A party may set out 2 or more statements of a claim or defense alternatively or hypothetically, either in a single count or defense or in separate ones. If a party makes alternative statements, the pleading is sufficient if any one of them is sufficient.

More directly on point, Rule 8(d)(3) provides that "a party may state as many separate claims or defenses as it has, regardless of consistency." Fed.R.Civ.P. 8(d)(3) (emphasis added). Indeed, the liberal policy reflected in Rule 8(d)(2) instructs courts not to construe a pleading "'as an admission against another alternative or inconsistent pleading in the same case.'" McCalden v. Cal. Library Ass'n, 955 F.2d 1214, 1219 (9th Cir. 1990) (quoting Molsbergen v. United States, 757 F.2d 1016, 1019 (9th Cir. 1985)); see also In re Wal-Mart Wage and Hour Employment Practices Litigation, 490 F.Supp.2d 1091, 1117 (D. Nev. 2007); George v. Morton, 2007 WL 680787, *7 (D. Nev. 2007). Thus, although a plaintiff may not recover on both theories, "a plaintiff may claim . . . remedies as alternatives, leaving the ultimate election for the court." E.H. Boly Son, Inc. v.

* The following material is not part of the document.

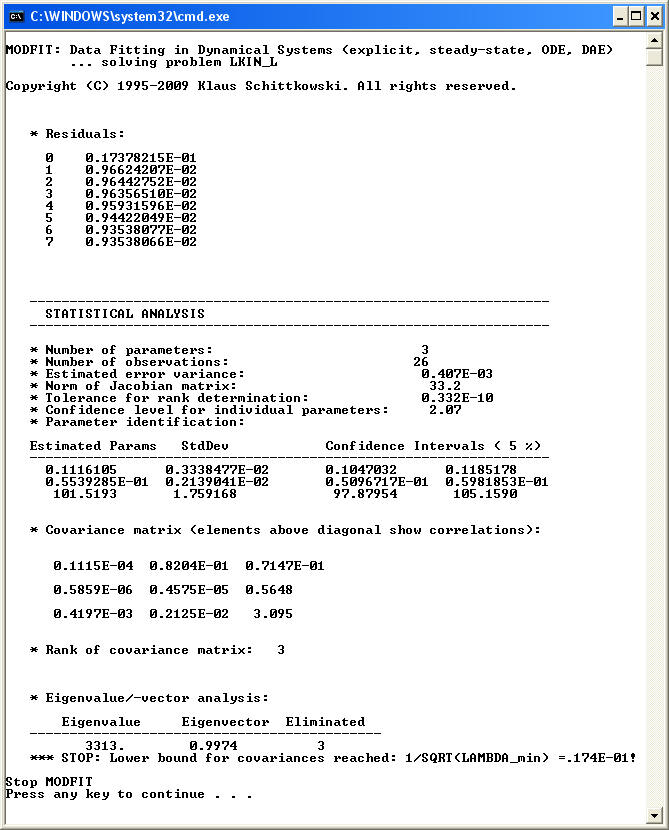 Numerical results (computed by the least squares code DFNLP):
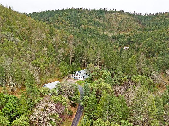2.25% Assumable loan for veterans! Nestled amidst 9.59, this stunning 2500 sqft home has a harmonious blend of modern elegance & natural beauty. The tranquil setting, just a stone's throw away from urban amenities, offers the perfect balance between seclusion & convenience. Entering you are greeted by tall ceilings & beautiful natural light pouring in from the stairwell. 2 lvg/fmy rooms are attached to the kitchen & dining room areas. Upstairs is the lrg master suite w/2 large closets, spacious bathroom, & a private deck peering out over the beautiful forest below. 2 additional bdrms are comfortable & perfect for family or office needs. The guest cottage is spacious w/a bedroom off the living area & full kitchen. Separate meter makes it great for both guests, rental home, or even vacation rental. Whether you're seeking a peaceful sanctuary, or a place to entertain family & friends, this exceptional property offers it all.

Schneider, 525 F.2d 20, 23 n. 3 (9th Cir. 1975); see also Hubbard Bus. Plaza v. Lincoln Liberty Life Ins. Co., 596 F.Supp. 344, 347 (D. Nev. 1984) (holding that a "claimant is entitled to introduce his evidence in support of all his claims for relief; if he doesn't make an election among them, the trier of fact decides which, if any, to sustain."). The result is that Southern's claim for unjust enrichment is not, at this stage in the proceedings, subject to dismissal due to the presence of an express agreement between the parties.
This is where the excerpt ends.